Tobo M, Mitsuyama Y, Ikari K, Itoi K
Arch Neurol. 1984 Oct;41(10):1091-4. doi: 10.1001/archneur.1984.04050210089022.
The adult type of neuronal ceroid lipofuscinosis (NCL) occurred in a 49-year-old man and his 51-year-old sister. They showed episodic stuporous and psychotic states, mental retardation, generalized convulsions, and ichthyosis vulgaris. At autopsy the woman had excessive accumulation of lipofuscin throughout the CNS. The degree of neuronal lipopigment accumulation was very severe in the neurons of the thalamus, substantia nigra, inferior olivary nuclei, motor nuclei of the brain stem, and cerebral cortex. Mental symptoms, such as stupor, excitement, hallucinations, and delusions, were the predominant clinical manifestations and so were misdiagnosed as schizophrenia. Though the clinical diagnosis of the adult type of NCL (Kufs' disease) is difficult because of its wide variety of manifestations, symptoms such as episodic psychotic and stuporous states accompanied by convulsive disorders with mild neurologic signs may be an indication of this disease.

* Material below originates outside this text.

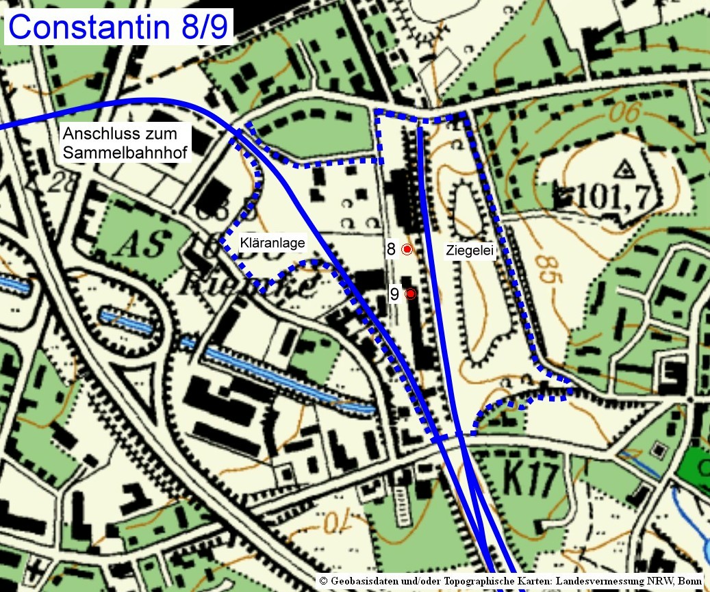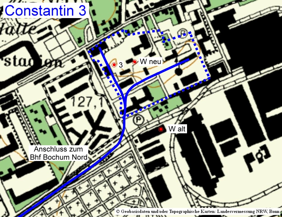 Ladestellen bei Constantin 3 und Constantin 8/9, da hier die Linie nach Herne verlief. Das neu gebaute Anschlussgleis ist auf den

成人型神经元蜡样脂褐质沉积症(NCL)发生在一名49岁男性及其51岁的姐姐身上。他们表现出发作性昏迷和精神状态、智力发育迟缓、全身性惊厥以及寻常型鱼鳞病。尸检时,该女性中枢神经系统各处均有脂褐质过度蓄积。丘脑、黑质、下橄榄核、脑干运动核以及大脑皮质的神经元中脂色素蓄积程度非常严重。精神症状,如昏迷、兴奋、幻觉和妄想,是主要临床表现,因此被误诊为精神分裂症。尽管成人型NCL(库夫斯病)由于其表现形式多样而临床诊断困难,但发作性精神病性和昏迷状态伴有惊厥障碍及轻度神经体征等症状可能提示该病。